[What you will do]
Starting at the line with "A capriccio of", copy each line through the last one below exactly as written, without any pictures.

Task material below:

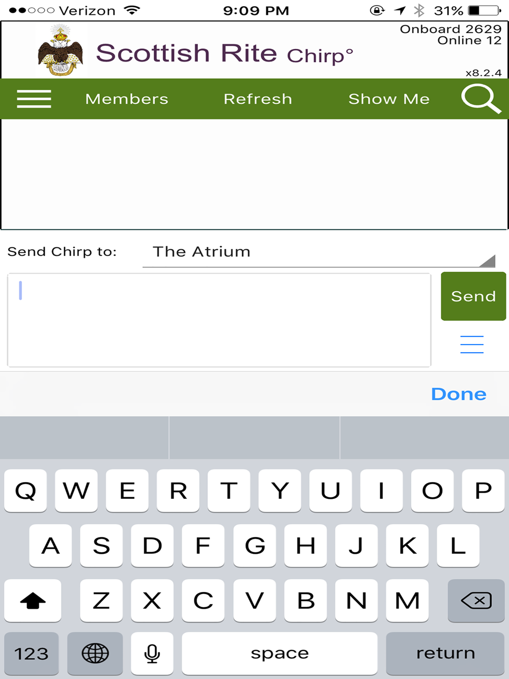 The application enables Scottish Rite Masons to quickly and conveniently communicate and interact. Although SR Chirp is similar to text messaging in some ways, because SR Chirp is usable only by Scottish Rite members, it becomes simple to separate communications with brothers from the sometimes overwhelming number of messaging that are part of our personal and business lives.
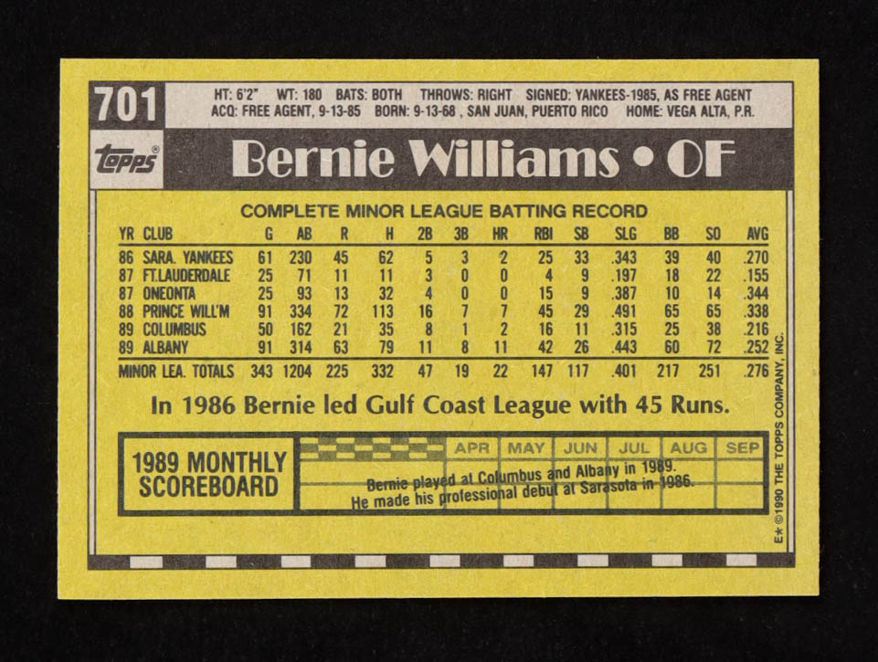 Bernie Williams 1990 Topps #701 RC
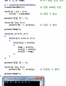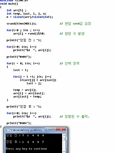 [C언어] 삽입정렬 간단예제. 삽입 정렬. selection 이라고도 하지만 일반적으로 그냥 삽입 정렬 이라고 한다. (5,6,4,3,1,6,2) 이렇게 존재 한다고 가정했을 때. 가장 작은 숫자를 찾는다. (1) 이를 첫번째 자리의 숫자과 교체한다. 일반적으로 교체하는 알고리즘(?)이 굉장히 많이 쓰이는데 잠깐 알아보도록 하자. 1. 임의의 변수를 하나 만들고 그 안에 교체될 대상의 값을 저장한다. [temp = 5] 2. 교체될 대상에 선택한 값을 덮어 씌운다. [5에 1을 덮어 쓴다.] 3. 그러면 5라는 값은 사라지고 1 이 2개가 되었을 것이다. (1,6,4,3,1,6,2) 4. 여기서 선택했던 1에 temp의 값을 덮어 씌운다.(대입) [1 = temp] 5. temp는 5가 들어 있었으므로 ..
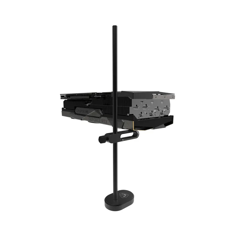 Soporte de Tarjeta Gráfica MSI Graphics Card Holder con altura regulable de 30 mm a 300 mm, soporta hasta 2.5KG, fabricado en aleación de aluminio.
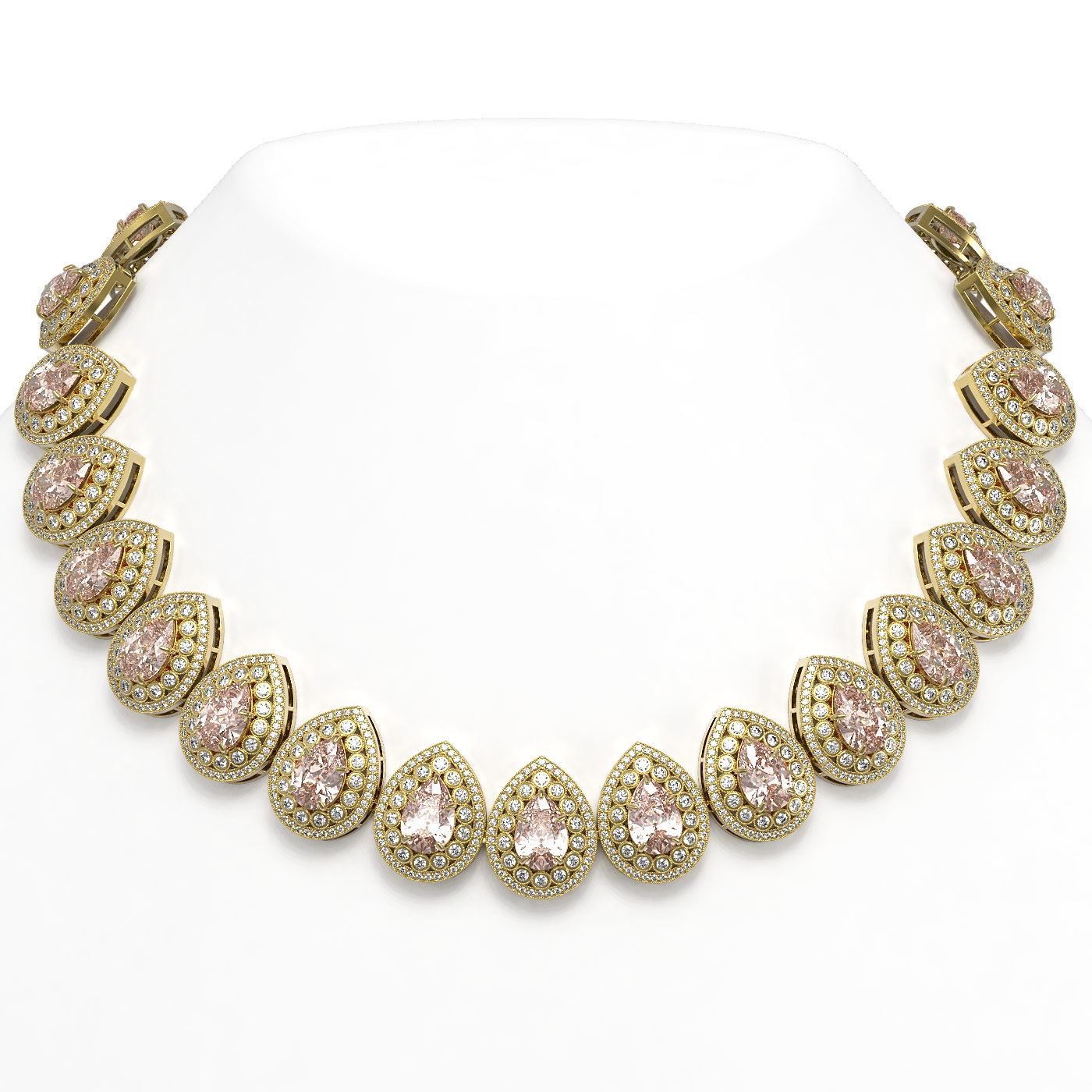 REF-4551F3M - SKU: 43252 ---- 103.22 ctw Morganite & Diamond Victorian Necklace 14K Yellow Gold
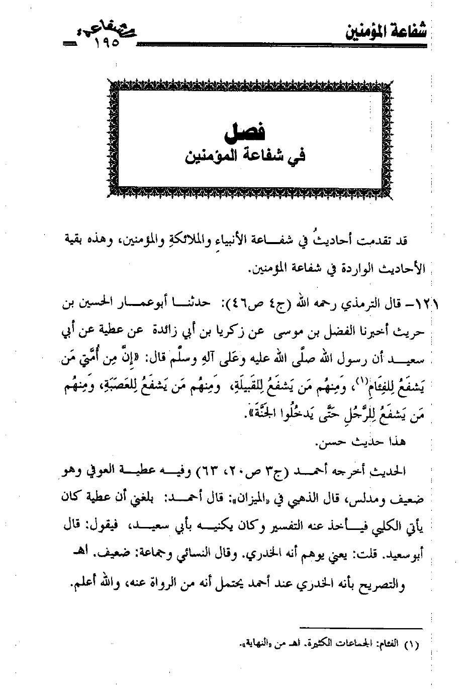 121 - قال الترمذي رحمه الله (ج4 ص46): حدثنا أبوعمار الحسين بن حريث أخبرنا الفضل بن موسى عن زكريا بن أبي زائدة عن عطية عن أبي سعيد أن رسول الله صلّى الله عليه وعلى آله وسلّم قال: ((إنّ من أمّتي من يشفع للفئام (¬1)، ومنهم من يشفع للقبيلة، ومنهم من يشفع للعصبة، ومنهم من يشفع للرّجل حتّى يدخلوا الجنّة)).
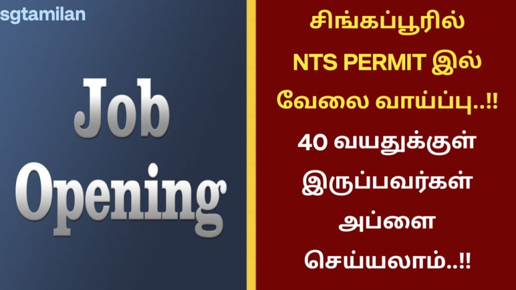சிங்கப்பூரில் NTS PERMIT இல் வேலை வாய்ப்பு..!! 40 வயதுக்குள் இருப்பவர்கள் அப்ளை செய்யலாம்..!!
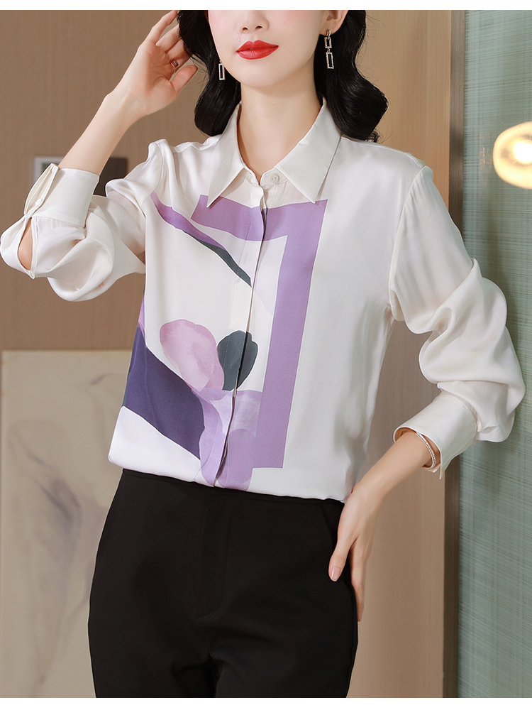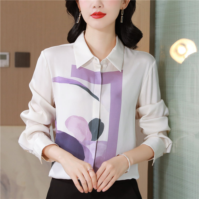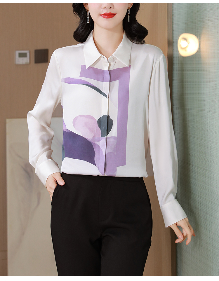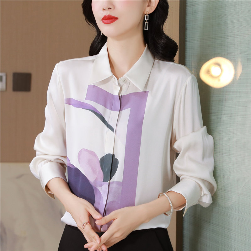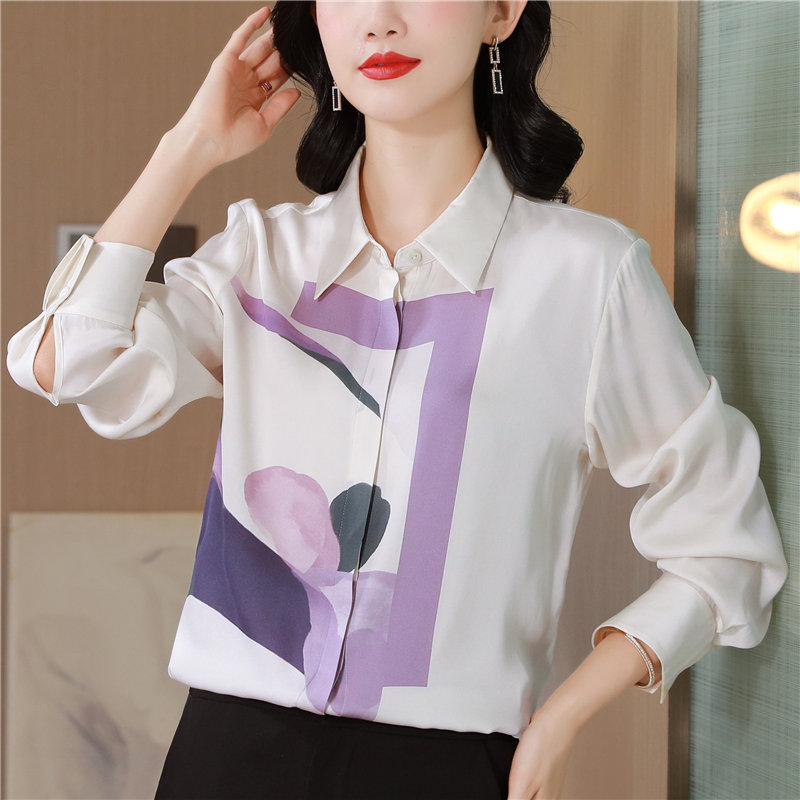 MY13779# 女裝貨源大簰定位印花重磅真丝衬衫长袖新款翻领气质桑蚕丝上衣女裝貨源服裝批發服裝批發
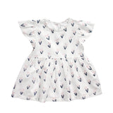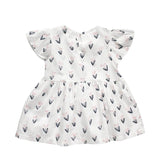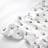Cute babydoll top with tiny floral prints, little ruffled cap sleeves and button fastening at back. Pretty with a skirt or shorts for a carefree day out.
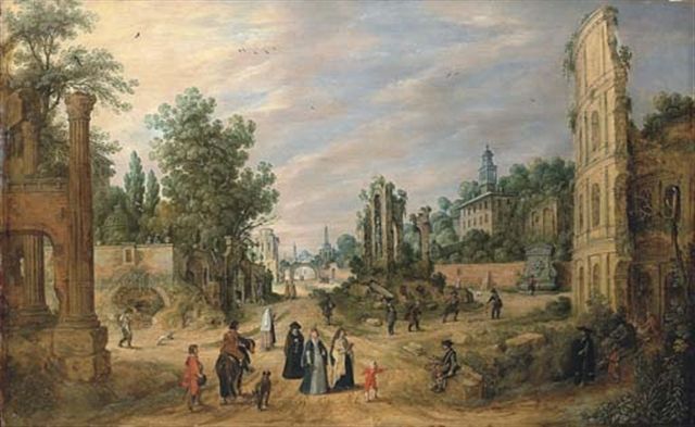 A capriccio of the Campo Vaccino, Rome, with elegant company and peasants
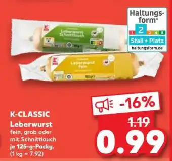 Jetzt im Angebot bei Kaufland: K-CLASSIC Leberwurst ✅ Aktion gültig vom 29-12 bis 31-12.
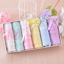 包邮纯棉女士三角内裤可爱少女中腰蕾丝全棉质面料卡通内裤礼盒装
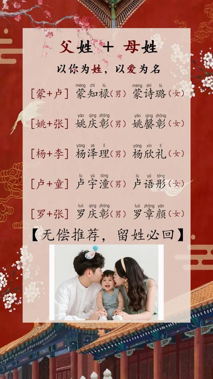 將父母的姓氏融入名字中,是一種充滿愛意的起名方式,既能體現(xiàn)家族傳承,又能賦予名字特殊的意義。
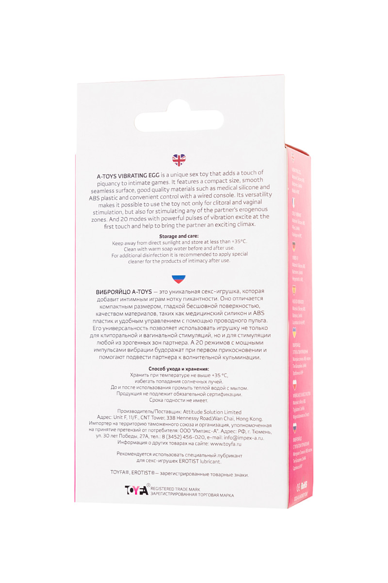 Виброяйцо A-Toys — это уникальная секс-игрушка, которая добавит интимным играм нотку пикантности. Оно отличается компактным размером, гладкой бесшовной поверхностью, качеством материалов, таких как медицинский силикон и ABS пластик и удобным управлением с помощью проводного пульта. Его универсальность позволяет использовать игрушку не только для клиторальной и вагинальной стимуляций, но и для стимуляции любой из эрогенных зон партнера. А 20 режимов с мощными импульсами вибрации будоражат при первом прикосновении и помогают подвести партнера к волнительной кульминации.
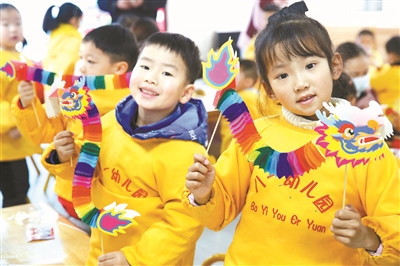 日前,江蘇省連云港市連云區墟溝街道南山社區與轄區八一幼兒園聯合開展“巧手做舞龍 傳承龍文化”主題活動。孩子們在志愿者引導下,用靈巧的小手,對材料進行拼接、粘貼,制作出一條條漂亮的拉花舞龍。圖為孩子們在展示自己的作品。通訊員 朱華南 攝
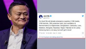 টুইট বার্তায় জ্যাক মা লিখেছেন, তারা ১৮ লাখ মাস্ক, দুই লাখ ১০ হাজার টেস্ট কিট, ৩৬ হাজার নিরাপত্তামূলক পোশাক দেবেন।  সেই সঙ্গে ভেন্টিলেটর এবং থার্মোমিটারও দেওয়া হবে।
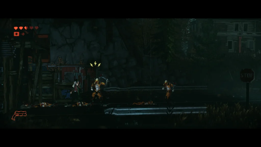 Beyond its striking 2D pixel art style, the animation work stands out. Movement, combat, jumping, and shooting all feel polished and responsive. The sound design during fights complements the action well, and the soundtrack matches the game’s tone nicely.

End of Task material.

[Answer space]
 A capriccio of the Campo Vaccino, Rome, with elegant company and peasants
 Jetzt im Angebot bei Kaufland: K-CLASSIC Leberwurst ✅ Aktion gültig vom 29-12 bis 31-12.
 包邮纯棉女士三角内裤可爱少女中腰蕾丝全棉质面料卡通内裤礼盒装
 將父母的姓氏融入名字中,是一種充滿愛意的起名方式,既能體現(xiàn)家族傳承,又能賦予名字特殊的意義。
 Виброяйцо A-Toys — это уникальная секс-игрушка, которая добавит интимным играм нотку пикантности. Оно отличается компактным размером, гладкой бесшовной поверхностью, качеством материалов, таких как медицинский силикон и ABS пластик и удобным управлением с помощью проводного пульта. Его универсальность позволяет использовать игрушку не только для клиторальной и вагинальной стимуляций, но и для стимуляции любой из эрогенных зон партнера. А 20 режимов с мощными импульсами вибрации будоражат при первом прикосновении и помогают подвести партнера к волнительной кульминации.
 日前,江蘇省連云港市連云區墟溝街道南山社區與轄區八一幼兒園聯合開展“巧手做舞龍 傳承龍文化”主題活動。孩子們在志愿者引導下,用靈巧的小手,對材料進行拼接、粘貼,制作出一條條漂亮的拉花舞龍。圖為孩子們在展示自己的作品。通訊員 朱華南 攝
 টুইট বার্তায় জ্যাক মা লিখেছেন, তারা ১৮ লাখ মাস্ক, দুই লাখ ১০ হাজার টেস্ট কিট, ৩৬ হাজার নিরাপত্তামূলক পোশাক দেবেন।  সেই সঙ্গে ভেন্টিলেটর এবং থার্মোমিটারও দেওয়া হবে।
 Beyond its striking 2D pixel art style, the animation work stands out. Movement, combat, jumping, and shooting all feel polished and responsive. The sound design during fights complements the action well, and the soundtrack matches the game’s tone nicely.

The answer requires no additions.